Task directions: Copy the following data exactly and drop the pictures.

Source material:
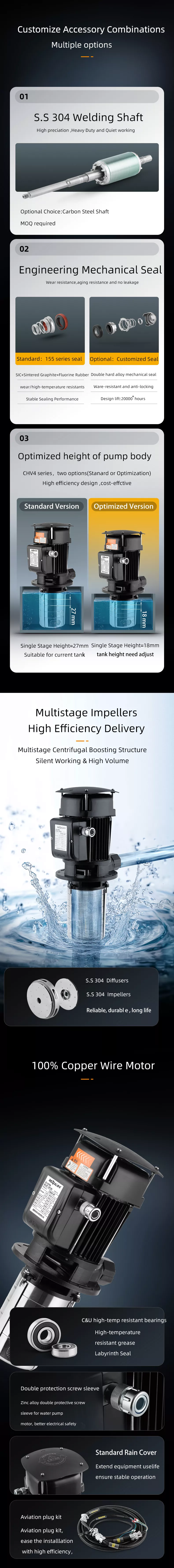 Ce qui suit est une introduction de la série CHV. La pompe centrifuge multicellulaire immergée CHV, spécialement conçue pour le pompage de lubrifiants de refroidissement pour machines-outils, et pour être montée sur des réservoirs avec la pile de pompes immergée dans le liquide pompé. Les pompes STAIRS SBK sont disponibles avec différentes tailles de pompe et différents nombres d'étages pour fournir le débit, la pression et la longueur requis.
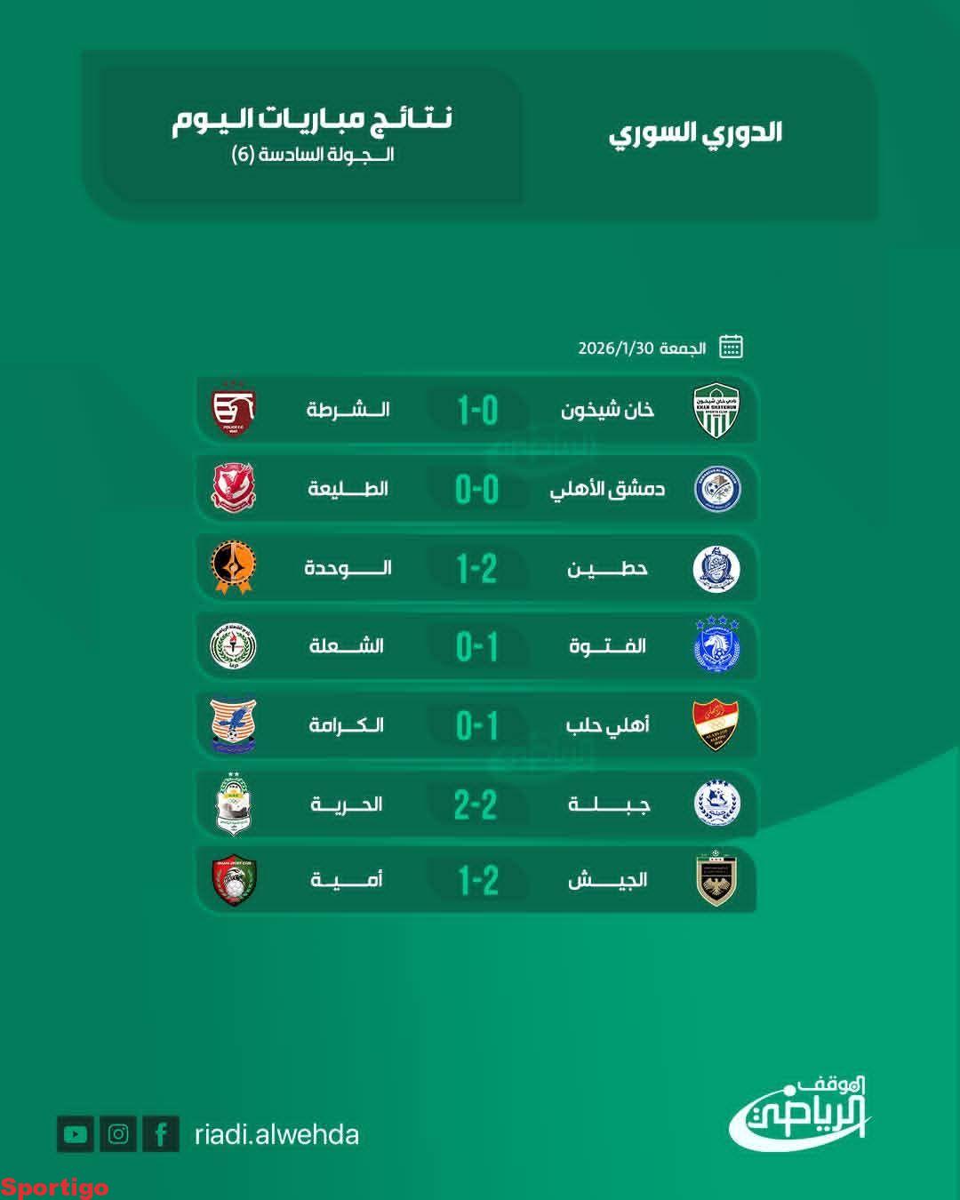 نتائج مباريات المرحلة السادسة من مسابقة الدوري السوري لكرة القدم.
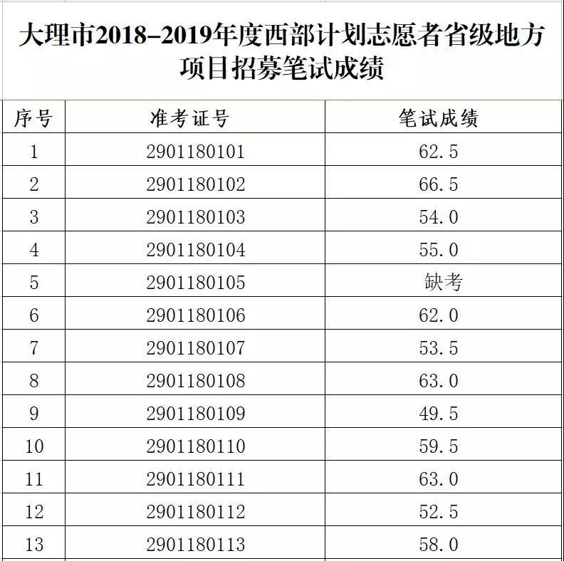 大理市2018—2019年度大學(xué)生志愿服務(wù)西部計(jì)劃省級(jí)地方項(xiàng)目志愿者招募筆試環(huán)節(jié)已結(jié)束。本次招募自7月24日發(fā)布公告以來,共72人報(bào)名,全部資格審查合格。8月4日上午9:00-11:00在下關(guān)四小舉行筆試,應(yīng)考72人,實(shí)考65人,缺考7人。根據(jù)《大理州2018-2019年度西部計(jì)劃志愿者省級(jí)地方項(xiàng)目招募工作實(shí)施方案》的規(guī)定,現(xiàn)將考生筆試成績(jī)公布如下:
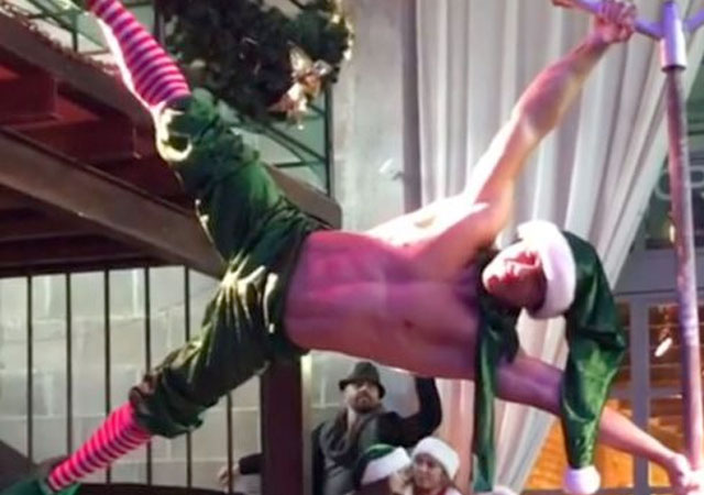 Pero si además a eso le sumas un elemento importantísimo como es un buenorro semidesnudo, aún mejor. ¿Y si te decimos que es acróbata y va disfrazado de elfo sexy? Pues una locura, como te puedes imaginar.

Solution:
 Ce qui suit est une introduction de la série CHV. La pompe centrifuge multicellulaire immergée CHV, spécialement conçue pour le pompage de lubrifiants de refroidissement pour machines-outils, et pour être montée sur des réservoirs avec la pile de pompes immergée dans le liquide pompé. Les pompes STAIRS SBK sont disponibles avec différentes tailles de pompe et différents nombres d'étages pour fournir le débit, la pression et la longueur requis.
 نتائج مباريات المرحلة السادسة من مسابقة الدوري السوري لكرة القدم.
 大理市2018—2019年度大學(xué)生志愿服務(wù)西部計(jì)劃省級(jí)地方項(xiàng)目志愿者招募筆試環(huán)節(jié)已結(jié)束。本次招募自7月24日發(fā)布公告以來,共72人報(bào)名,全部資格審查合格。8月4日上午9:00-11:00在下關(guān)四小舉行筆試,應(yīng)考72人,實(shí)考65人,缺考7人。根據(jù)《大理州2018-2019年度西部計(jì)劃志愿者省級(jí)地方項(xiàng)目招募工作實(shí)施方案》的規(guī)定,現(xiàn)將考生筆試成績(jī)公布如下:
 Pero si además a eso le sumas un elemento importantísimo como es un buenorro semidesnudo, aún mejor. ¿Y si te decimos que es acróbata y va disfrazado de elfo sexy? Pues una locura, como te puedes imaginar.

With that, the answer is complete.